Question

Determine a value for the constant $\mathit{C}$in Example 4 and use it to estimate the number of bit operations needed to multiply two 64-bit integers using the fast multiplication algorithm.

Short answer

$34,000$

Step-by-step solution

Recurrence Relation definition

A recurrence relation is an equation that recursively defines a sequence where the next term is a function of the previous terms:$\mathbf{\text{f(n) = a f(n / b) + c}}$

Apply the Recurrence Relation

This issue is soliciting us to appraise the number from bit operations expected to do the movements, increments, and subtractions in increasing two $2\text{n}$-bit whole numbers by the calculation in Example 4.

In the first place review from Example 9 in Segment 4.2 that the quantity of bit operations required for an expansion of two k-bit numbers is at most$3\text{k}$; the same headed holds for subtraction. Give us a chance to accept that to move a number $\text{k}$bits adition subtractions of n-bit numbers to get $A_1-A_0$and $B_0-B_1$; these will take up to 6 n bit operations through and through. We have to move$A\_1,B\_1,2n$places (requiring $2n$bit operations), and furthermore $n$places (requiring n bit operations); we have to move places (requiring bit operations); and we have to move $A_0{B}_0\text{n}$places, likewiserequiring $n$bit operations.

This makes an aggregate of $5\text{n}$may incorporate a subtraction if the center term is negative).

On the off chance that we are shrewd, we can include the four terms that include at most $3n$bits first (that is, everything with the exception of the $2^{2n}{A}_1{B}_1$).

Three increments are required, each taking 9n bit operations, for a sum of$27n$piece operations.

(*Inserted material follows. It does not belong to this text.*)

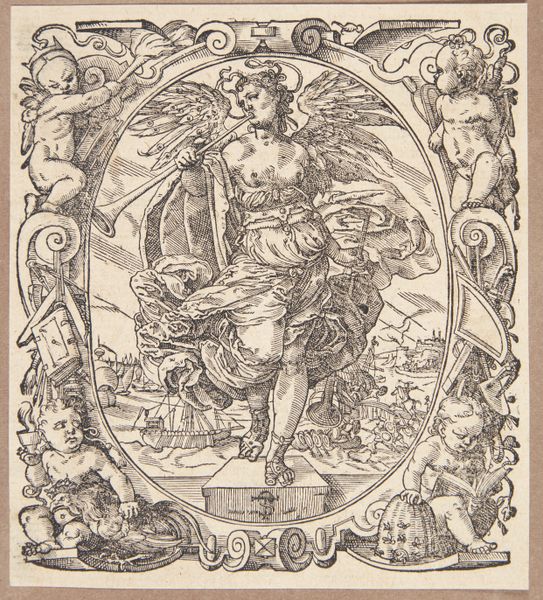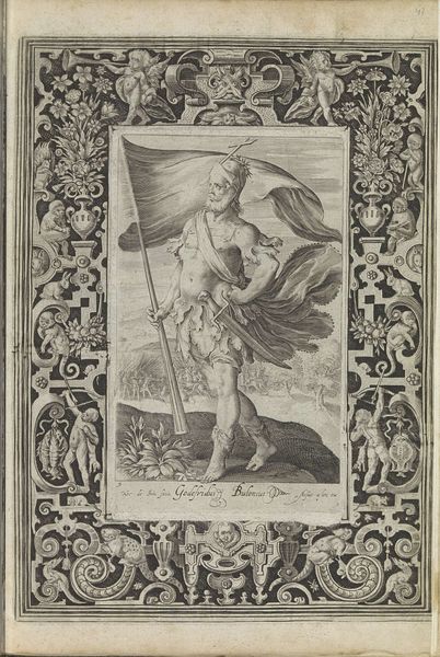 Editor: So, this is "Alexander de Grote" by Nicolaes de Bruyn, created sometime between 1582 and 1635. It’s a print, an engraving on metal. The ornate border feels a bit like a stage, framing Alexander on horseback. What strikes you most about the image? Curator: I'm immediately drawn to the density of symbolic imagery here. The central figure, of course, is Alexander the Great, a historical figure loaded with meaning. But it's the visual language *around* him that speaks volumes about how the artist, and perhaps the culture of the time, viewed Alexander. Notice the frame – a dense collection of flora, fauna, skulls...what might these disparate images evoke, do you think? Editor: The skulls seem like an obvious memento mori, a reminder of mortality even in the midst of glory. The animals maybe suggest different aspects of his character or his dominion? Curator: Precisely! Skulls whisper of the inevitable end, the fate that awaits even the mightiest conqueror. Alexander, a symbol of triumph and earthly power, is thus juxtaposed with images of vulnerability and death. The animals can certainly symbolize his reach, his ambition extending to the natural world. And think about *why* the artist chose these *particular* animals. What qualities do they possess? Editor: I see an owl, so wisdom, and maybe the fox implies cunning? Curator: Yes! Each creature adds another layer to our understanding of Alexander – or at least, the *desired* understanding crafted by the artist. This isn't just a portrait; it's an icon, meant to instill particular emotions and understandings. This careful placement and selection builds cultural memory. Editor: It’s amazing how much meaning can be packed into what I initially just saw as a decorative border. Curator: Indeed. By recognizing and understanding these symbolic elements, we can unravel not only the artist's intent, but also the values and beliefs of the culture that produced this powerful image. Editor: It completely reframes how I see the piece, like the whole image is speaking a hidden language.

At last we have to perform one expansion including a$4n$-bit number, taking $12n$operations.

This makes a sum of$39n$piece operations for the augmentations.

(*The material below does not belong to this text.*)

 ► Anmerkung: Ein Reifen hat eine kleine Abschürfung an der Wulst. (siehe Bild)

Clearly this bound is not correct; it relies on upon the real execution of these twofold operations.

Utilizing $C=50$as evaluated over, the repeat connection for quick increase is$f\left(2n\right)=3f\left(n\right)+50n$, with $f\left(l\right)=1$(one duplication of bits is all that is required on the off chance that we have 1 -bit numbers).

In this way we can figure $f\left(64\right)$as takes after:

$$\begin{gathered} f\left(2\right)=3\times 1+50=53; \\ f\left(4\right)=3\times 53+100=259; \\ f\left(8\right)=3\times 259+200=977; \\ f\left(16\right)=3\times 977+400=3331; \\ f\left(32\right)=3\times 3331+800=10793 \end{gathered}$$

lastly $f\left(64\right)=3\times 10793+1600=33979$.

In this manner around $34,000$piece operations are required.